His military career was distinguished. He participated in the Finnish War and a series of battles during the French invasion of Russia, then was in France during the Hundred Days. He was briefly a wounded prisoner. Several units were under his command, and he received numerous awards, including the Order of Saint Vladimir and the Kulm Cross, from the Kingdom of Prussia. By 1814, he was a Polkovnik (Colonel).
In 1816, he joined the first Decembrist organization; the Union of Salvation then, when it was dissolved, the Union of Prosperity. Shortly after, when he was appointed commander of a Jaeger regiment, one of his first acts was the abolition of corporal punishment. He retired and was discharged in 1822, with the rank of Major-General. That same year, he married Natalya Apukhtina, eighteen years his junior, the only surviving child of Captain Dmitry Apukhtin (1768-1838) and his wife Mariya née Fonvizina (1779-1842), one of Mikhail's cousins. He also retired from active work in secret organizations.

When the Decembrist uprising was being planned, in 1825, he changed his mind and became involved in the process; preparing the program and charter for the Northern Society. In January 1826, he was arrested at his estate, a few miles north of Moscow, and taken to Saint Petersburg, where he was placed in the Peter and Paul Fortress. He was then sentenced to eight years of hard labor, and sent to Siberia in 1827. Natalya placed their two children in the care of relatives and followed him there.

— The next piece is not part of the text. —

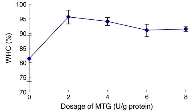 凝膠化過程與酶的交聯共同導致肌原纖維蛋白鏈的結合,從而產生一個連續的三維網絡,水被困在其中。WHC可以指示蛋白質結合水的能力,通常用于客觀評估肉類和肉制品的質量和產量。如下圖所示,隨著MTG從0到2U/g蛋白的增加,PMP凝膠的WHC從81.4%顯著增加到95.6%,但隨著MTG濃度從2到8U/g蛋白的增加,WHC沒有進一步增加。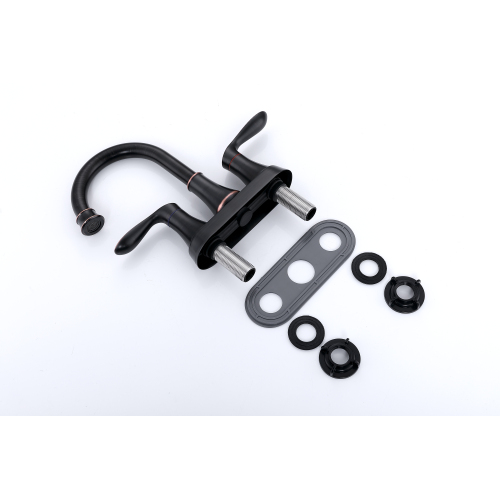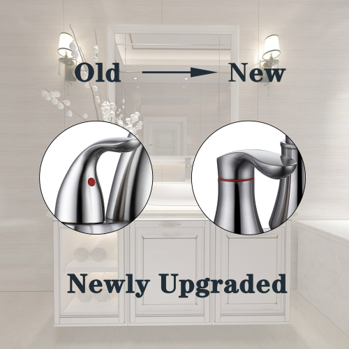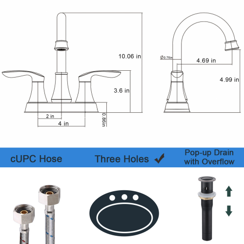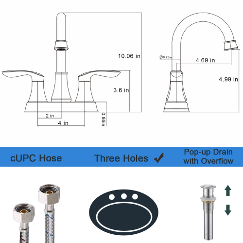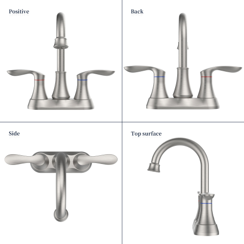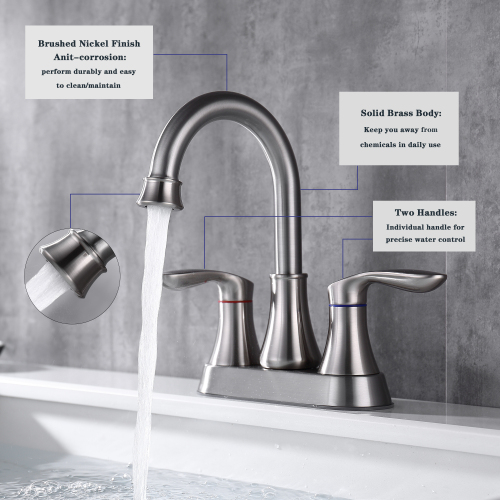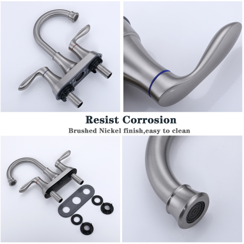 Product Name: Bathroom Faucet Brushed Nickel with Pop-up Drain & Supply Hoses Two-Handle 360 Degree High Arc Swivel Spout Centerset 4 Inch Vanity Sink Faucet 4011B-NP

Initially, he was kept at the prison in Chita then, in 1830, was taken to do manual labor in Petrovsk-Zabaykalsky. There, he was allowed to participate in the activities of the "Convict Academy". Natalya had two more children during this time, but both died as toddlers. In 1834, he was transferred again; to Yeniseysk. In 1835, he received permission to live in Krasnoyarsk. Two years later, he and Natalya moved once more, to Tobolsk, where their children joined them. They both died, and Natalya began raising foster children. During the cholera epidemic there, in 1848, he and other former Decembrists tended to the sick; supplying them with food and medicine. He also assisted Ivan Yakushkin, one of the movement's founders, in his efforts to establish schools based on the Lancasterian System.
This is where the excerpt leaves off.